_Directions_
Among the entries below, only the lines from the one with "1 vol. Leg." through the one with "Moara de Vant" are to be retyped, exactly and without pictures.

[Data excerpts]
────────
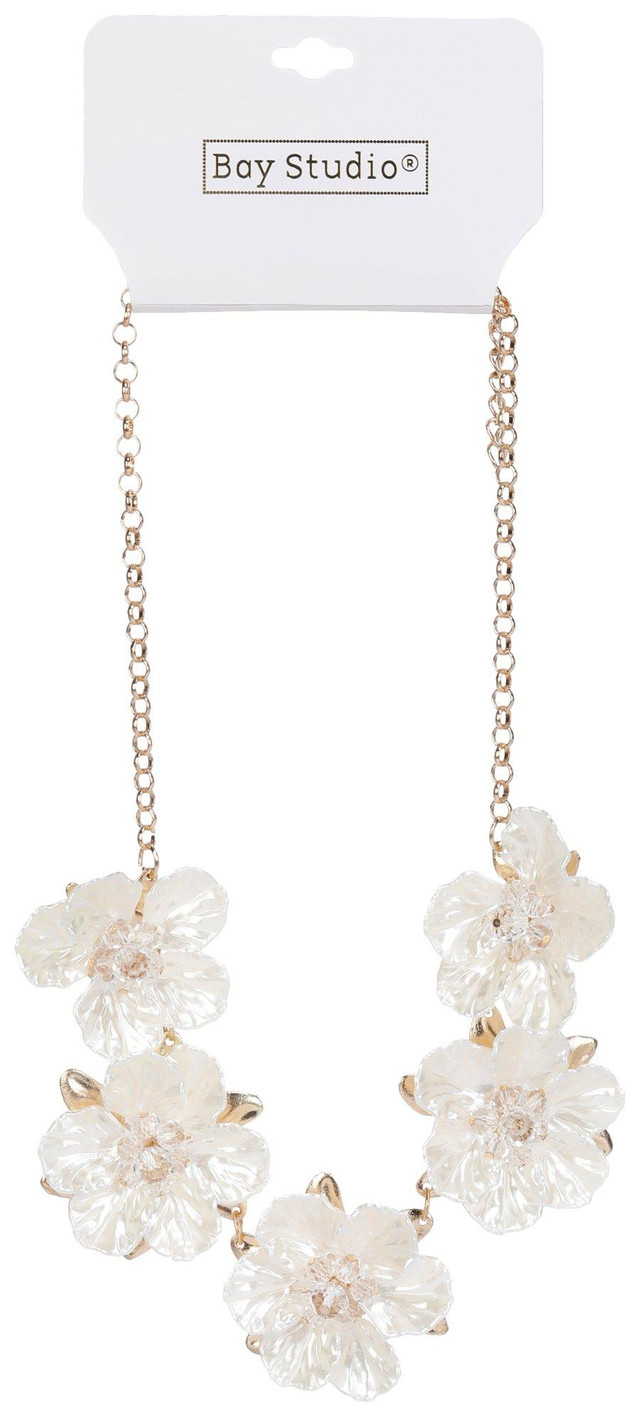 Add a touch of elegance and charm to your jewelry collection with our Gold Tone Flowers Necklace. Featuring beautiful iridescent flower pendants, this piece is adorned with sparkling faux crystal bead embellishments. The timeless gold-tone finish offers a sophisticated look, making it perfect for both everyday wear and special occasions.
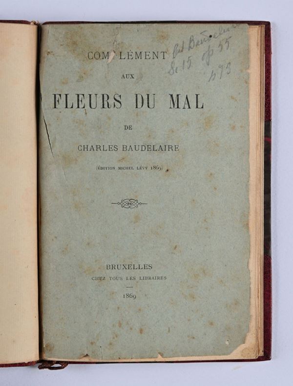 1 vol. Leg. art. pp. 36-[2], mm 180x125. Prima edizione, include i versi dei 6 sonetti censurati dall’edizione originale de I Fiori del Male. Legatura artistica in mezza pelle con angoli e fregi in oro, si conserva la brossura. Ex-libris di Gian Carlo Del Vecchio. Rarità.
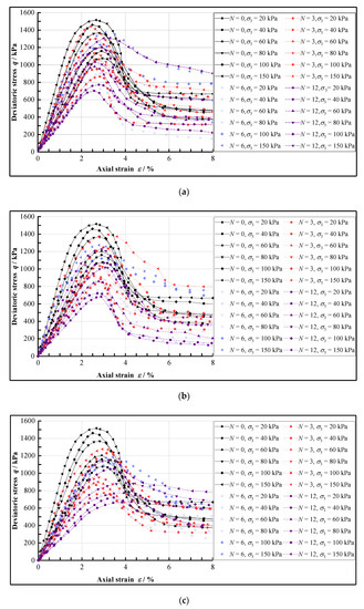 The results of triaxial tests using samples experienced F-T cycles at freezing temperatures of −5 °C, −10 °C, and −15 °C under different F-T cycle numbers (0, 1, 3, 6, 9, and 12) are as shown in Figure 2.
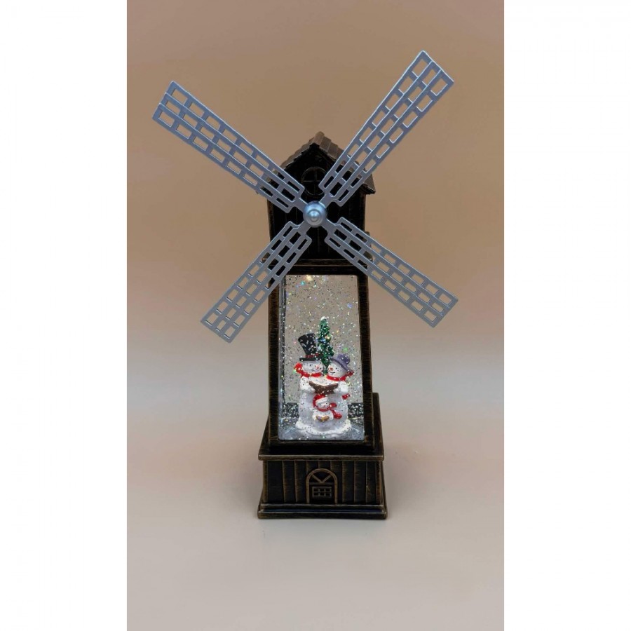 Moara de Vant Decorativa Craciun, Oameni de Zapada, Efect Ninsoare, Iluminare LED, Muzicala, Unibox
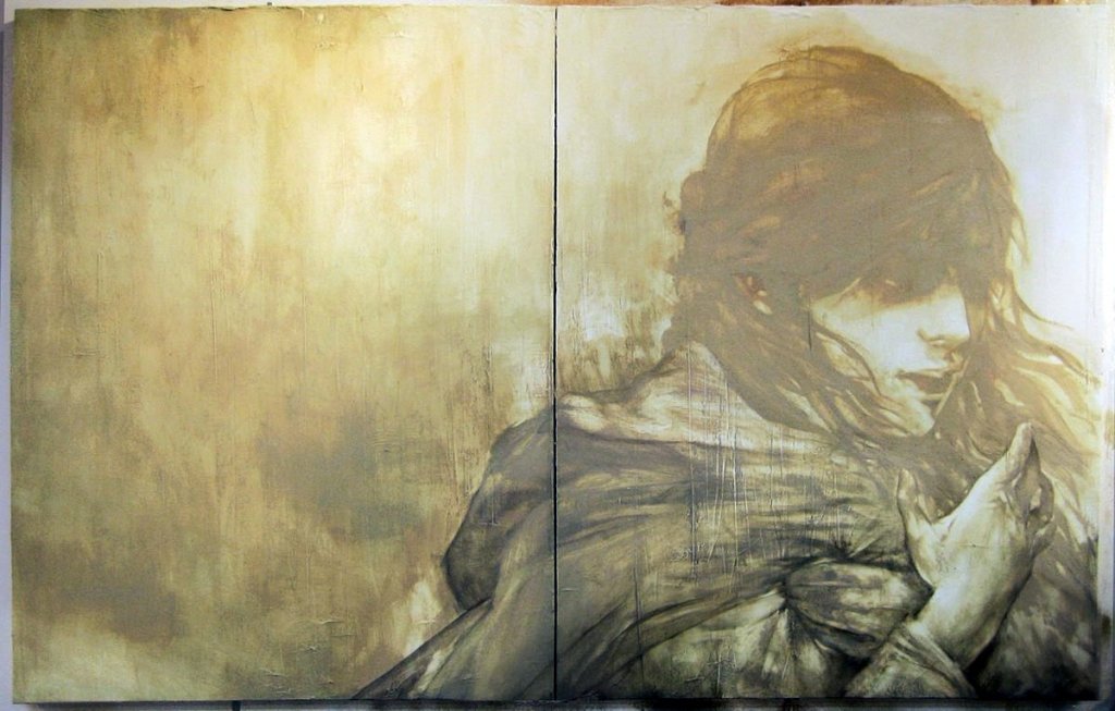 - Katerina Kuziv, 21e siècle, site iconart-gallery.com, Ukraine. Cette jeune artiste de Lviv en Ukraine est engagée dans un renouveau de l’iconographie. Le bleu est très présent dans ses œuvres. Ici, à droite, la croix est visible et le jardin est évoqué par les plantes. Le Christ confie une mission à Marie, qui la reçoit avec attention. Katerina voit ainsi le sens et le but de son art: « Le temps où je crée l’icône est ma façon de prier, de m’interroger, de chercher, le temps d’être avec Dieu, devant Dieu, … Le but est d’exprimer « l’incarnation » de la Parole de Dieu dans une image visuelle, où un contact avec la réalité de Dieu doit avoir lieu pour éveiller un désir de Dieu, … »
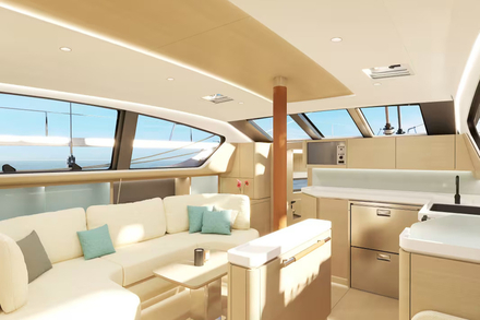 La disposition a été entièrement revisitée autour d’un îlot central qui structure l’espace et facilite la circulation en mer. Le carré devient un véritable salon, la cuisine s’affirme comme un espace central et convivial, tandis que la table à cartes à double assise se transforme tour à tour en bureau ou en coin détente. L’ensemble respire, sans jamais perdre en fonctionnalité.
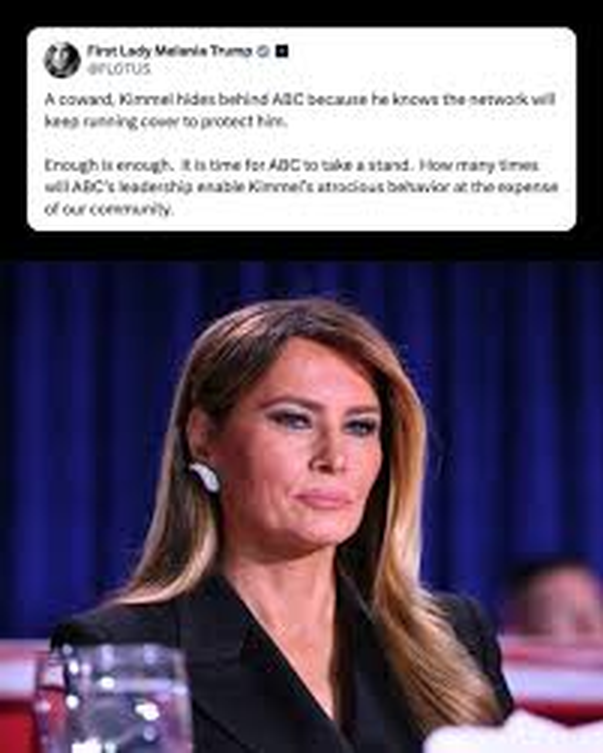 En la publicación de la primera dama contra Kimmel, dijo que el contenido del programa "no es comedia" e increpó directamente al humorista por contribuir a "profundizar en la división política en Estados Unidos".
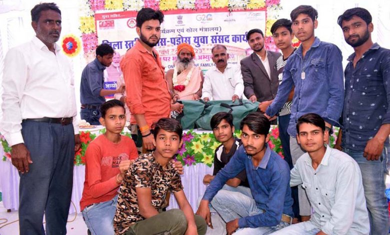 भिण्ड। युवा कार्यक्रम एवं खेल मंत्रालय भारत सरकार द्वारा संचालित नेहरू युवा केन्द्र संगठन जिला भिण्ड के तत्वावधान में एवं दलित ग्रामीण युवा मण्डल सारूपुरा के सहयोग से जिला स्तरीय आस पड़ोस युवा संसद कार्यक्रम का आयोजन किया गया। कार्यक्रम में मुख्य अतिथि जिला पंचायत सदस्य हरीशंकर नरवरिया एवं विशिष्ट अतिथि के रूप में राष्ट्रीय स्तर टीओटी अंगद सिंह यादव, ग्राम सरपंच प्रतिनिधि शंकर मुद्गल, रामस्वरूप पटेल, रामावतार दैपुरिया, तांती सिंह भदौरिया और नेहरू युवा केन्द्र के जिला युवा अधिकारी आशुतोष साहू उपस्तिथ थे। कार्यक्रम की अध्यक्षता श्रीश्री 1008 श्री महंत ओमानंद सरस्वती महाराज ने की। कार्यक्रम का शुभारंभ्ज्ञ स्वामी विवेकानंद के छायाचित्र के समक्ष माल्यार्पण और दीप प्रज्ज्वलन कर किया गया। आशुतोष शर्मा ने मंच संचालन करते हुए सभी अतिथियों का स्वागत सत्कार करं स्मृति चिन्ह भेंट किए।
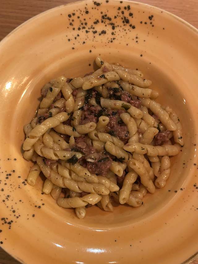 - Maccaruna freschi con salsiccia ubriaca e cavolo nero stufato
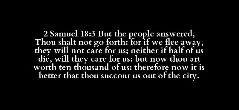 2 Samuel 18:3 But the people answered, Thou shalt not go forth: for if we flee away, they will not care for us; neither if half of us die, will they care for us: but now thou art worth ten thousand of us: therefore now it is better that thou succour us out of the city.
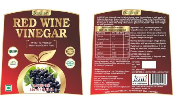 Ogreeny Red Wine Vinegar Non Alcoholic, 350 ml (Pack Of 1)
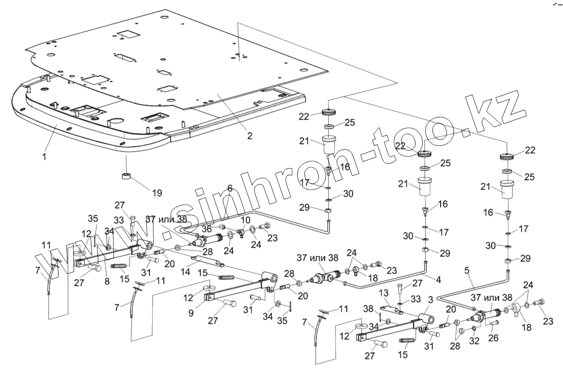 Каталог запасных частей к технике: Гомсельмаш КЗС-812С. Рычаги и трубопроводы площадки управления
────────
_Result_
 1 vol. Leg. art. pp. 36-[2], mm 180x125. Prima edizione, include i versi dei 6 sonetti censurati dall’edizione originale de I Fiori del Male. Legatura artistica in mezza pelle con angoli e fregi in oro, si conserva la brossura. Ex-libris di Gian Carlo Del Vecchio. Rarità.
 The results of triaxial tests using samples experienced F-T cycles at freezing temperatures of −5 °C, −10 °C, and −15 °C under different F-T cycle numbers (0, 1, 3, 6, 9, and 12) are as shown in Figure 2.
 Moara de Vant Decorativa Craciun, Oameni de Zapada, Efect Ninsoare, Iluminare LED, Muzicala, Unibox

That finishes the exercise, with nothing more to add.